▸ **What you should do**
In the records below, find the line that contains "Una vez que". Retype that line and all the lines after it through the end, leaving out the pictures.
(Supplied data begins)
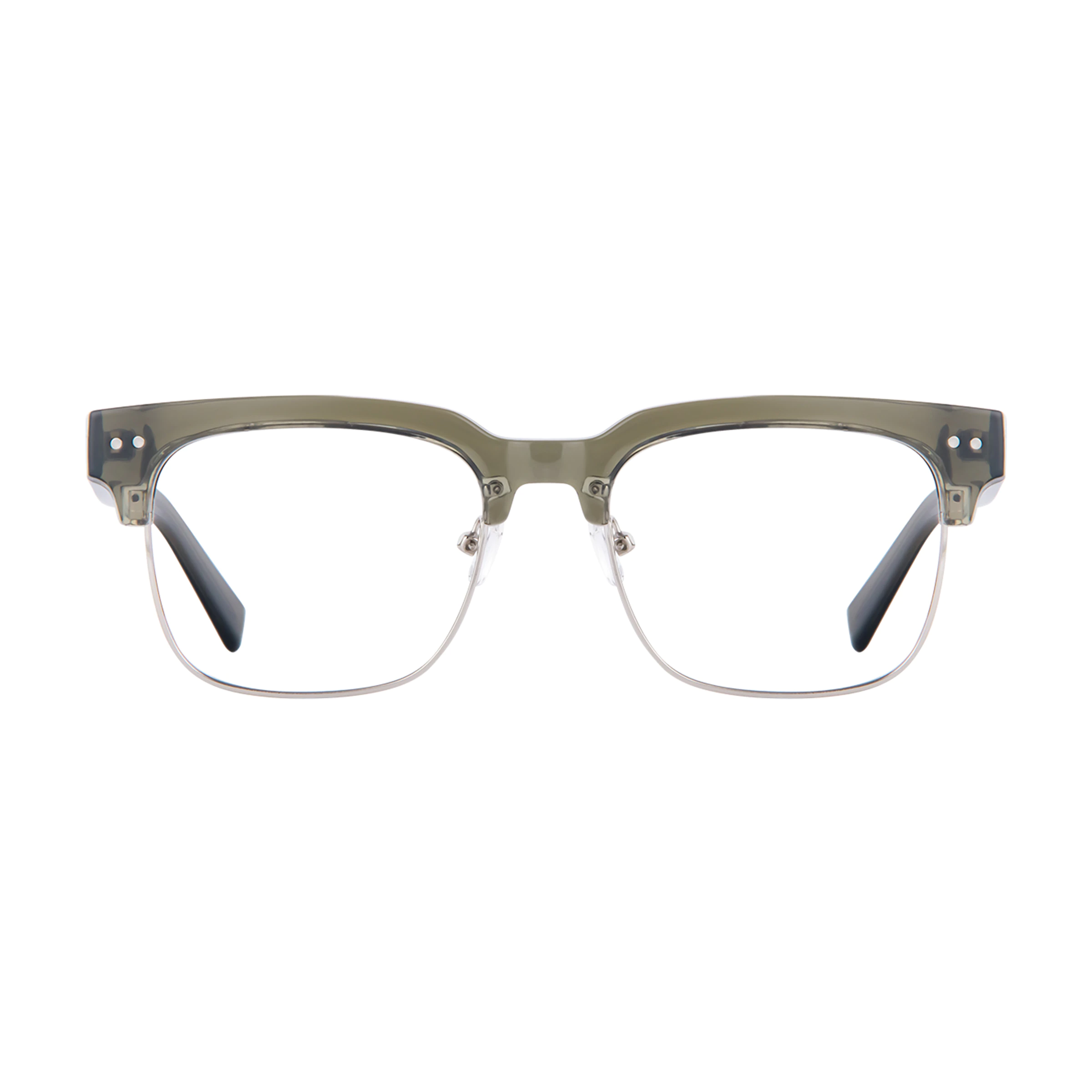 The vibrant green frame paired with sleek silver highlights offers a modern yet classic look. Perfect for making a subtle statement, these glasses are made from high-quality TR and metal to ensure both style and comfort.
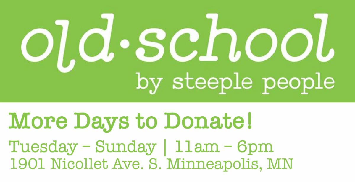 Old School by Steeple People is now accepting donations every day we are open, Wednesday–Sunday between the hours of 11am and 5pm.
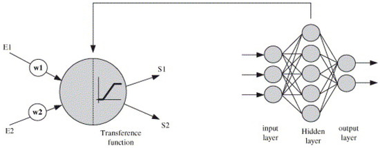 Artificial neural network (ANN) structure [82]. “Reproduced with permission from Ordieres et al., Environmental Modelling & Software; published by Elsevier, 2005)”.
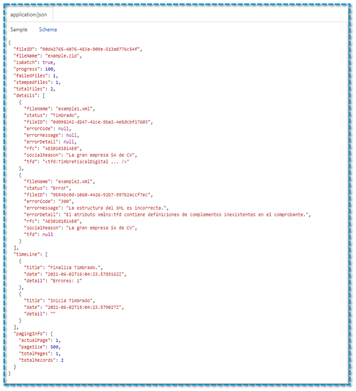Una vez que hicimos la solicitud para consultar el estado de nuestra petición de timbrado, obtendremos como respuesta varios campos como se muestran a continuación:
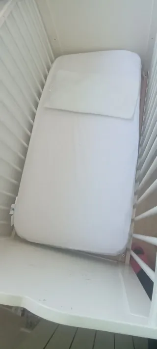 Cuna y colchón blanco
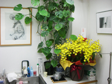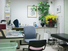 診察室コーナーには患者さまに寛いでいただくため絵と観葉植物を配置しています。
(Supplied data ends)
▸ **Result of this exercise**
Una vez que hicimos la solicitud para consultar el estado de nuestra petición de timbrado, obtendremos como respuesta varios campos como se muestran a continuación:
 Cuna y colchón blanco
 診察室コーナーには患者さまに寛いでいただくため絵と観葉植物を配置しています。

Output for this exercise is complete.